Chaos Engineering
Hypothesis-driven failure injection from Netflix Simian Army to Chaos Mesh, with real experiments and a safety harness.
Real-World Analogy
A vaccine trial — you deliberately introduce a controlled, weakened version of the threat to see how the system responds, so that when the real thing hits, you already know it survives.
The principle
Chaos Engineering is the discipline of experimenting on a system in order to build confidence in the system’s capability to withstand turbulent conditions in production. — Principles of Chaos Engineering
The keyword is discipline. Chaos engineering is not “let’s randomly break things.” It is the scientific method applied to production resilience: hypothesize, experiment, measure, learn.
1. Define steady state (a quantitative SLI you'll watch)
2. Hypothesize: "If we inject failure F, steady state will hold"
3. Run the experiment in the smallest blast radius that's meaningful
4. Compare measurements before, during, after
5. If the hypothesis broke, fix the system, then re-run The four guardrails (from the Netflix CRE playbook)
You cannot do chaos in production safely without these:
1. Run in production for accuracy — but only after staging passes
2. Minimize blast radius — start with 1% of one shard, expand slowly
3. Have a kill switch — abort any experiment in <60 seconds
4. Run during business hours — when the team can respond The “business hours only” rule surprises people. The point: if your experiment exposes a bug, you want the team awake and fresh, not paged out of bed at 3am.
Never run chaos experiments without all four guardrails. A team that injected DNS failure on a Friday afternoon at Netflix in 2014 took down the streaming tier worldwide. The experiment had no kill switch and no blast radius limit. They had to wait for the experiment to finish on its own.
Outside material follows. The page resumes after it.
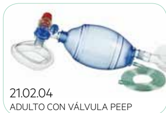
21.02.04 ADULTO CON VÁLVULA PEEP

Don’t be that team.
A maturity ladder
Don’t start with “kill a region.” Start small.
Level 1 — Single host failures
Kill a pod. Block CPU on a node. Fill a disk.
Goal: prove the orchestrator reschedules cleanly.
Level 2 — Single service degradation
Add 200ms latency to one upstream call.
Return errors from 5% of one dependency's responses.
Goal: prove timeouts and retries work.
Level 3 — Network partitions
Sever zone A from zone B for 60 seconds.
Goal: prove zone failover and clock skew handling.
Level 4 — Full region failure
Block all traffic to one entire region.
Goal: prove multi-region failover works under load.
Level 5 — Gameday
All-day exercise simulating a major incident across teams.
Goal: validate humans + processes, not just systems. Skipping levels is how teams turn chaos engineering into chaos.
Real experiment with Chaos Mesh
Chaos Mesh is the leading open-source chaos platform for Kubernetes. CNCF graduated. Production-ready.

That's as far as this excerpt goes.